As her father had ordered the servants not to disturb the young girls,
Els did not wake till the sun was high in the heavens. Eva's place at
her side was empty. She had already left the room. For the first time
it had been impossible to sleep even a few short moments, and when she
heard from the neighbouring cloister the ringing of the little bell that
summoned the nuns to prayers, she could stay in bed no longer.
Usually she liked to dress slowly, thinking meanwhile of many things
which stirred her soul. Sometimes while the maid or Els braided her hair
she could read a book of devotion which the abbess had given her. But
this morning she had carried the clothes she needed into the next room on
tiptoe, that she might not wake her sister, and urged Katterle, who
helped her dress, to hurry.
She longed to see her aunt at the convent. While kneeling at the prie-
dieu, she had reached the certainty that her patron saint had led Heinz
Schorlin to her. He was her knight and she his lady, so he must render
her obedience, and she would use it to estrange him from the vanity of
the world and make him a champion of the holy cause of the Church of
Christ, the victorious conqueror of her foes. Sky-blue, the Holy
Virgin's colour, should be hers, and thus his also, and every victory
gained by the knight with the sky-blue on his helmet, under St. Clare's
protection, would then be hers.
Heinz Schorlin was already one of the boldest and strongest knights; her
love must render him also one of the most godly. Yes, her love! If St.
Francis had not disdained to make a wolf his brother, why might she not
feel herself the loving sister of a youth who would obey her as a noble
falcon did his mistress, and whom she would teach to pursue the right
quarry? The abbess would not forbid such love, and the impulse that drew
her so strongly to the convent was the longing to know how her aunt would
receive her confession.
The night before when, after her conversation with Els, she began to
pray, she had feared that she had fallen into the snare of earthly love,
and dreaded the confession which she had to make to her aunt Kunigunde.

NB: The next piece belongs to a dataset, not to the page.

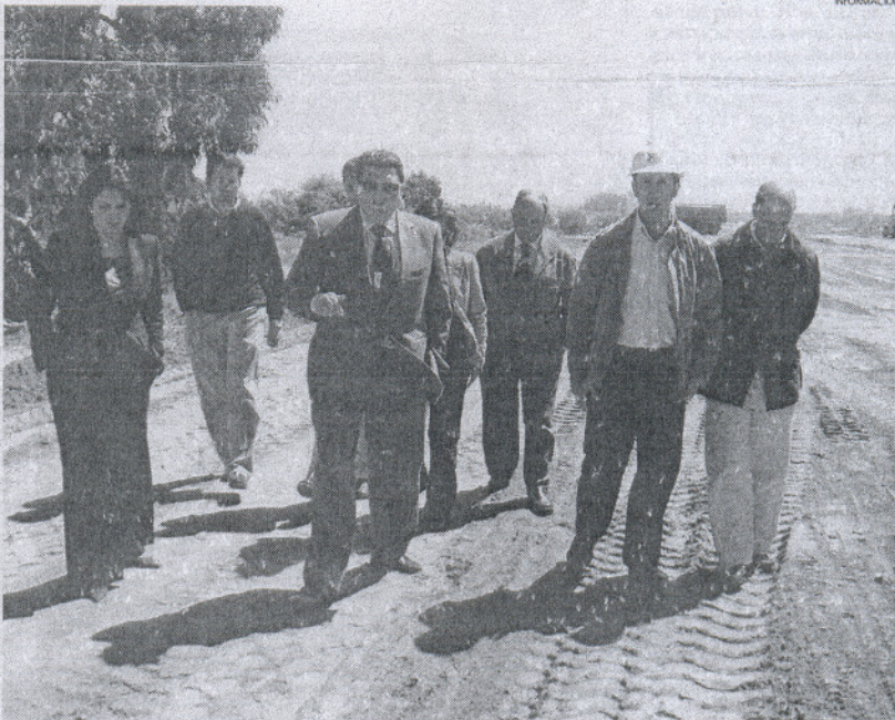
El alcalde ha destacado el significado de la articulación de los nuevos viarios para la zona norte de Rota.

En ambos casos las nuevas avenidas constan de carril bici, un acerado de unos 3 metros, una zona de aparcamiento de 2,2 metros, o una calzada de doble vía de seis metros de anchura en cada sentido. Sobre el terreno, y teniendo en cuenta el nivel de desarrollo de cada tramo, el alcalde de Rota explicó que el V5 que conecta con la piscina y por tanto con el recinto ferial podría estar concluido para la Feria de Pri-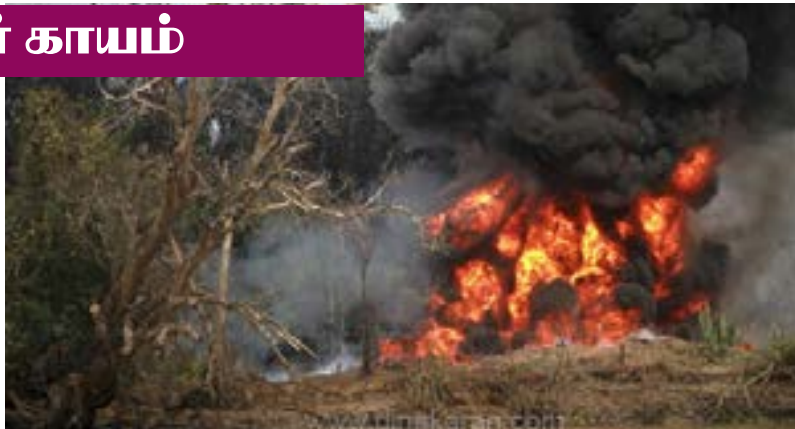
இடையேயான எல்லைப் பகுதியான எக்பெமா உள்ளூர் பகுதியில் உள்ள சட்டவிரோத எண்ணெய் சுத்திகரிப்பு

நைஜீரியாவில் பெரும்பாலான மக்கள் வறுமையில் வாழும் நிலையில், பல இடங்களில் எண்ணெய் சுரங்கங்கள் சட்டவிரோதமாக அமைக்கப்பட்டு செயல்படுகின்றன. இந்நிலையில், ஆப்பிரிக்காவின் மிகப்பெரிய மசகு எண்ணெய் உற்பத்தி செய்யும் நைஜீரியாவின் தெற்கு மாநிலமான இமோவில் உள்ள சட்டவிரோத எண்ணெய் சுத்திகரிப்பு ஆலையில் ஏற்பட்ட தீ விபத்தில் 50க்கும் மேற்பட்டோர் அடையாளம் காண முடியாத அளவுக்கு எரிந்து உயிரிழந்துள்ளனர் எனவும் ஏராளமானோர் காயம் அடைந்துள்ளனர் எனவும் தகவல் வெளியாகியுள்ளது.

Now she found that it was no fleshly bond which united her to the knight.
Oh, no! As St. Francis had gone forth to console, to win souls for the
Lord, to bring peace and exhort to earnest labour in the service of the
Saviour, as his disciples had imitated him, and St. Clare had been
untiring in working, in his spirit, among women, she, too, would obey the
call which had come to her saint in Portiuncula, and prove herself for
the first time, according to the Scripture, "a fisher of souls."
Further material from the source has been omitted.